A production-ready pipeline for analyzing immune cell data using transformer models, specifically Geneformer. This project provides a complete workflow from data preprocessing to model training and inference.

Project Structure

transformer_immune/
├── notebook/
│   ├── transformer_immune_cells_DATA.ipynb   # Data preparation notebook
│   └── transformer_immune_cells_MODEL.ipynb  # Model training notebook
├── transformer_immune_cells_DATA.py          # Data preparation pipeline
├── transformer_immune_cells_MODEL.py         # Model training pipeline
├── transformer_immune_cells_INFERENCE.py     # Inference pipeline
├── src/
│   ├── __init__.py
│   ├── config.py                 # Configuration settings
│   ├── data_preprocessing.py     # Main data preprocessing script
│   ├── train_model.py           # Main training script
│   ├── inference.py             # Inference script
│   └── utils/
│       ├── __init__.py
│       ├── data_processing.py   # Data processing utilities
│       ├── scvi_utils.py        # scVI model utilities
│       ├── tokenization.py      # Tokenization utilities
│       └── model_utils.py       # Model training utilities
├── data/                        # Data directory (created automatically)
├── models/                      # Saved models (created automatically)
├── logs/                        # Log files (created automatically)
├── results/                     # Results and plots (created automatically)
├── requirements.txt             # Python dependencies
├── run_pipeline.py             # Main pipeline script
├── example_usage.py            # Usage examples
├── setup.py                    # Package installation
├── README.md                   # This file
├── README_PIPELINES.md         # Detailed pipeline documentation
└── .gitignore                  # Git ignore file

Features

Modular Design: Clean separation of concerns with dedicated modules for different tasks
Production Ready: Comprehensive logging, error handling, and configuration management
Flexible Pipeline: Can run individual steps or the complete pipeline
scVI Integration: Includes scVI for variational inference and latent space analysis
Geneformer Integration: Uses the Geneformer pre-trained model for gene expression analysis
Parallel Processing: Efficient tokenization with parallel processing
Comprehensive Evaluation: Detailed metrics and visualization of results
Multiple Usage Options: Both Python scripts and Jupyter notebooks available

Installation

Clone the repository:

git clone https://github.com/abuchin/transformer_immune
cd transformer_immune

Install dependencies:

# Install all dependencies
pip install -r requirements.txt

Install Geneformer (if not already installed):

git lfs install
git clone https://huggingface.co/ctheodoris/Geneformer
pip install ./Geneformer

Usage Options

Option 1: Using Python Scripts (Recommended for Production)

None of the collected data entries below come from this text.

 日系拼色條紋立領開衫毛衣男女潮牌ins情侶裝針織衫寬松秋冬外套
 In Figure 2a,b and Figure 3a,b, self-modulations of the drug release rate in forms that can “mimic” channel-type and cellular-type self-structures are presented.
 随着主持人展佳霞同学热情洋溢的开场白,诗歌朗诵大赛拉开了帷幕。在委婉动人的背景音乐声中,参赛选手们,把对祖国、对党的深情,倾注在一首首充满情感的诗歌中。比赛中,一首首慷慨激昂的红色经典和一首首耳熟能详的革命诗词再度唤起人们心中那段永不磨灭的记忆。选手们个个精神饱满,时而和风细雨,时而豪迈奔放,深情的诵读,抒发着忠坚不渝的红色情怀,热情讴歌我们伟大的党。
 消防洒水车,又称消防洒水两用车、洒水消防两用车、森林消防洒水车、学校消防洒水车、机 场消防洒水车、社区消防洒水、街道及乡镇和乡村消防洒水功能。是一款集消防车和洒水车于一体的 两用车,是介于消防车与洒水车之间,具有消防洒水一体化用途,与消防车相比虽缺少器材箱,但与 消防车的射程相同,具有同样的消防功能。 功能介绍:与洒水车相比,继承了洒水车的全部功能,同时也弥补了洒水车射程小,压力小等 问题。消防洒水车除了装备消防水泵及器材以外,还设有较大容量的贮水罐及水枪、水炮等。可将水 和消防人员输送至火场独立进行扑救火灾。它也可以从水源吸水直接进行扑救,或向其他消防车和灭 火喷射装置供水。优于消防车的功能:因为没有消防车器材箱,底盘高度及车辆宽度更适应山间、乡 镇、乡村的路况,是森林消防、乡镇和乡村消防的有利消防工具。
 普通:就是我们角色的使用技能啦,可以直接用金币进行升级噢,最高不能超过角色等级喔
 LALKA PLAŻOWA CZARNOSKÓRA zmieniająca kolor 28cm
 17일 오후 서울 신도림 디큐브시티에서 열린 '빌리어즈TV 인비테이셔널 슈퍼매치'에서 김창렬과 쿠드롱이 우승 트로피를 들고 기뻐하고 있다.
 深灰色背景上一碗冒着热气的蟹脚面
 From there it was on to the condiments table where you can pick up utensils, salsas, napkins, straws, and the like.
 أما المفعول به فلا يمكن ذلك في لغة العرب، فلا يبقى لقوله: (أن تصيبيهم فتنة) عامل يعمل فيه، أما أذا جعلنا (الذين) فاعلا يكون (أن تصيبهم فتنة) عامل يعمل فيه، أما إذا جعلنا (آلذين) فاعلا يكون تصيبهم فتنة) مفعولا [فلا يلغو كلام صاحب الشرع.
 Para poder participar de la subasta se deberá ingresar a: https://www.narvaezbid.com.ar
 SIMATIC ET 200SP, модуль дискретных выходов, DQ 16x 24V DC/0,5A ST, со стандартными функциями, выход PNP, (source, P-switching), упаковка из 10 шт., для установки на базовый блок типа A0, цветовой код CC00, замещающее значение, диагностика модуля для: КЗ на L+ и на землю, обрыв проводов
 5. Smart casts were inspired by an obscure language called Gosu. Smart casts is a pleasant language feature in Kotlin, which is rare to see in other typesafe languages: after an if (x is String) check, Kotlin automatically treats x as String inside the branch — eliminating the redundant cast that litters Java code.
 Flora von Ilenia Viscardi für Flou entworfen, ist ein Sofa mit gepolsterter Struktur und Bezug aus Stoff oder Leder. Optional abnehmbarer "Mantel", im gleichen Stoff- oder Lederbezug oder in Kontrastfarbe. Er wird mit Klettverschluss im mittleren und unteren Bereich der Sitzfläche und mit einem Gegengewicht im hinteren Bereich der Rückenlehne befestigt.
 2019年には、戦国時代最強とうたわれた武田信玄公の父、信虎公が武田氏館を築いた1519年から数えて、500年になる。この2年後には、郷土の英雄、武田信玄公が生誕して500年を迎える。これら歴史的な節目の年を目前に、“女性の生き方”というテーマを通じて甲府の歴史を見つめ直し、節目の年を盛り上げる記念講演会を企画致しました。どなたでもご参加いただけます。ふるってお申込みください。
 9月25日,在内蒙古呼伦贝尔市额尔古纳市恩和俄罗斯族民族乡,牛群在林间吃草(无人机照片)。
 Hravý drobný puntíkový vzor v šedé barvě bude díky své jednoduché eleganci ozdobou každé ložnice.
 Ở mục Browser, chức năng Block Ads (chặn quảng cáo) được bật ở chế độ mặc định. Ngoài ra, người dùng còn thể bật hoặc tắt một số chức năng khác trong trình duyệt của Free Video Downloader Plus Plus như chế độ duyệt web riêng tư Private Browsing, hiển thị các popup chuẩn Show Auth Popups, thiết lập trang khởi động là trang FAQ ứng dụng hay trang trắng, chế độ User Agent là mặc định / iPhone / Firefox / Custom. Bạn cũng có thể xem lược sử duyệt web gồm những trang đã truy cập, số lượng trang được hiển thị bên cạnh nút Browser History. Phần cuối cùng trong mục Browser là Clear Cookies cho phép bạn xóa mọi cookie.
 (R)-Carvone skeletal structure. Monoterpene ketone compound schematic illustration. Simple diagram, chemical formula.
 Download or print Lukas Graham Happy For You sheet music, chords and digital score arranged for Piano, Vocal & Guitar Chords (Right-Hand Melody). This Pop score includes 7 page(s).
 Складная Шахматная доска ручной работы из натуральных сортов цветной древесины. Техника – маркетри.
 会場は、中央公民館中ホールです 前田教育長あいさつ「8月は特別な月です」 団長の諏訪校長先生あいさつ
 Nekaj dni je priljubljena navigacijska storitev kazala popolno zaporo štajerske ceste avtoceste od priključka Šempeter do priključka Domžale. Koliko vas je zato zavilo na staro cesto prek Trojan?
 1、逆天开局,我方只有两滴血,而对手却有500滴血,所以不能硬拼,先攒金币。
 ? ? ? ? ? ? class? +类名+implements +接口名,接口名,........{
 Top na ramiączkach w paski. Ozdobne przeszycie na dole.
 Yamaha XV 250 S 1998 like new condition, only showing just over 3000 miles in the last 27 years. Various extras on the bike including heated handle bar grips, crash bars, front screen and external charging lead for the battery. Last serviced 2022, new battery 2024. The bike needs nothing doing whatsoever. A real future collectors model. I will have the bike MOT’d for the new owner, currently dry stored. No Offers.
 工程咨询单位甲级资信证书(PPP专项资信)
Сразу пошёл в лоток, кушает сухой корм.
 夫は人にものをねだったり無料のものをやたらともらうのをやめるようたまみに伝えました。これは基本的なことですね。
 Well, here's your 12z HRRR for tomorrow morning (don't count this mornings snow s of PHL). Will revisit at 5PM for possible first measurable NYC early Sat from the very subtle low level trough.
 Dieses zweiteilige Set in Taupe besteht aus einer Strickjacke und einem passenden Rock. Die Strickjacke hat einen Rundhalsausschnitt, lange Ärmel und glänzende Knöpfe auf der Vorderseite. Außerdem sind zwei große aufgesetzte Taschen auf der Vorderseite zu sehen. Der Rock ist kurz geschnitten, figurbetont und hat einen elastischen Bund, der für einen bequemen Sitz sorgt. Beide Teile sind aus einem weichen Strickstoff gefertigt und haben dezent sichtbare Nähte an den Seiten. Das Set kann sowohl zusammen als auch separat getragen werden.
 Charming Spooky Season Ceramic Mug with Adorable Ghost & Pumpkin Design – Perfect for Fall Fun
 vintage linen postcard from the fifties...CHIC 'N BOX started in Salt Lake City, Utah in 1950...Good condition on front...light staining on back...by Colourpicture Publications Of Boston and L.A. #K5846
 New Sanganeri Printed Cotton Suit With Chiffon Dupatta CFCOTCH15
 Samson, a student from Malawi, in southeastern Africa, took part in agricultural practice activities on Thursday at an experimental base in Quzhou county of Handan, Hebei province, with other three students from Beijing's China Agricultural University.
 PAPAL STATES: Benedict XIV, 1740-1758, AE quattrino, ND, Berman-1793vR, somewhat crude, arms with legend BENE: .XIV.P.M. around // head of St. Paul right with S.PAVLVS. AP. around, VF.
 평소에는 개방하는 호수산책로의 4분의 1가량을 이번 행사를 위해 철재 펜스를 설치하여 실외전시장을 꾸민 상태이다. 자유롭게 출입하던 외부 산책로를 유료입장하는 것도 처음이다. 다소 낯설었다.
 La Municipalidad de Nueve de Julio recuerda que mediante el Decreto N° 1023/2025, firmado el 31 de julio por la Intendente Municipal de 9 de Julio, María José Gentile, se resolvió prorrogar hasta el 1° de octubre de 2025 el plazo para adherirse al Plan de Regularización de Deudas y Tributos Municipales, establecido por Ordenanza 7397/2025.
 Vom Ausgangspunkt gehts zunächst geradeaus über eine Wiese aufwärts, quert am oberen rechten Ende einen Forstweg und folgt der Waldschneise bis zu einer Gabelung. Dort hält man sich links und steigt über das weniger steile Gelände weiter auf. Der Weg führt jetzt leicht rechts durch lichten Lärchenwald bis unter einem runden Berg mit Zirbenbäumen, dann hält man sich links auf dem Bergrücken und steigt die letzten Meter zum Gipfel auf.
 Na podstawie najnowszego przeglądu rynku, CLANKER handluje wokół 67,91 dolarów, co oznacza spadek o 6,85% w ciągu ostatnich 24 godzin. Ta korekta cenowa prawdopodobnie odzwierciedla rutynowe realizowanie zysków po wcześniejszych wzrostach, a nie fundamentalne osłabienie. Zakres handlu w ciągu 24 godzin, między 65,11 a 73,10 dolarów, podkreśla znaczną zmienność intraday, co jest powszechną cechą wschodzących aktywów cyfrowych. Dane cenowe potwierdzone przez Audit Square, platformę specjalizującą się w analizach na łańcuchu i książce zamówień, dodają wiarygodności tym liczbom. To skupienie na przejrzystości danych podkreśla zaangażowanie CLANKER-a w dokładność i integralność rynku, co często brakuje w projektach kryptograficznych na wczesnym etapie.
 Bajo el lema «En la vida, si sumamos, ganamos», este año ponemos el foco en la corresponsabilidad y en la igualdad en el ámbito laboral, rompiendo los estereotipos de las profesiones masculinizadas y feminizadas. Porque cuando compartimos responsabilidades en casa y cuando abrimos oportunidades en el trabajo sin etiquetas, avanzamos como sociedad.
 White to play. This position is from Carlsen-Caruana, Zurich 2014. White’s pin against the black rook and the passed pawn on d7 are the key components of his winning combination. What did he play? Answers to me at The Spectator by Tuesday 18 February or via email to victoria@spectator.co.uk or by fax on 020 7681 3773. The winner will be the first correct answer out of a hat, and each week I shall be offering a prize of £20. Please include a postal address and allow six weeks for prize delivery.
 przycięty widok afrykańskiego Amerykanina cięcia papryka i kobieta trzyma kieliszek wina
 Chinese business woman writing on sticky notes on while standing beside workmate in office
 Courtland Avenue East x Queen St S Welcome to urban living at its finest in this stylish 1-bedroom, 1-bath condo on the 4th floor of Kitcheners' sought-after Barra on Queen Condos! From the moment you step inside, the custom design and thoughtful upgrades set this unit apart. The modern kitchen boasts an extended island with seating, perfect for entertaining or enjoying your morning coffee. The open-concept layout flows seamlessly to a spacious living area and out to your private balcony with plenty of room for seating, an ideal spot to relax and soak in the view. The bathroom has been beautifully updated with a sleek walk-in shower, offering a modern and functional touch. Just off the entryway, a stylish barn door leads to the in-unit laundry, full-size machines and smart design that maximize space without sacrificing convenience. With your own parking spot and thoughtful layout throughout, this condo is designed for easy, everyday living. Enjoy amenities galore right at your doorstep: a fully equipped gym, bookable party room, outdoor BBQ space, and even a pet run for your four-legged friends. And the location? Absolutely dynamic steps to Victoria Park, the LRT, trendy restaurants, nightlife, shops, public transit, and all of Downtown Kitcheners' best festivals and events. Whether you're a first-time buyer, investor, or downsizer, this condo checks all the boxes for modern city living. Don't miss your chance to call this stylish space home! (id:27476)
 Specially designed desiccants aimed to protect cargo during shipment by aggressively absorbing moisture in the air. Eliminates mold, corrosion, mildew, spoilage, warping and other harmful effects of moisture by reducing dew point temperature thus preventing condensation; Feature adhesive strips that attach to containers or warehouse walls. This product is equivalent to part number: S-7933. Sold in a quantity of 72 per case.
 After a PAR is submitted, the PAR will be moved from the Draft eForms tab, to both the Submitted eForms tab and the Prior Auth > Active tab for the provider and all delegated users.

The main pipeline scripts are located in the notebook/ directory:

Data Preparation

python transformer_immune_cells_DATA.py \
    --input-path data/raw_data.h5ad \
    --output-dir processed_data \
    --n-genes 2000 \
    --verbose

Model Training

python transformer_immune_cells_MODEL.py \
    --data-dir processed_data \
    --output-dir model_results \
    --num-epochs 10 \
    --batch-size 128 \
    --freeze-layers \
    --use-small-data \
    --verbose

Inference

python transformer_immune_cells_INFERENCE.py \
    --model-dir model_results/model/final_model \
    --data-path new_data.h5ad \
    --output-dir inference_results \
    --verbose

Option 2: Using Jupyter Notebooks (Recommended for Development)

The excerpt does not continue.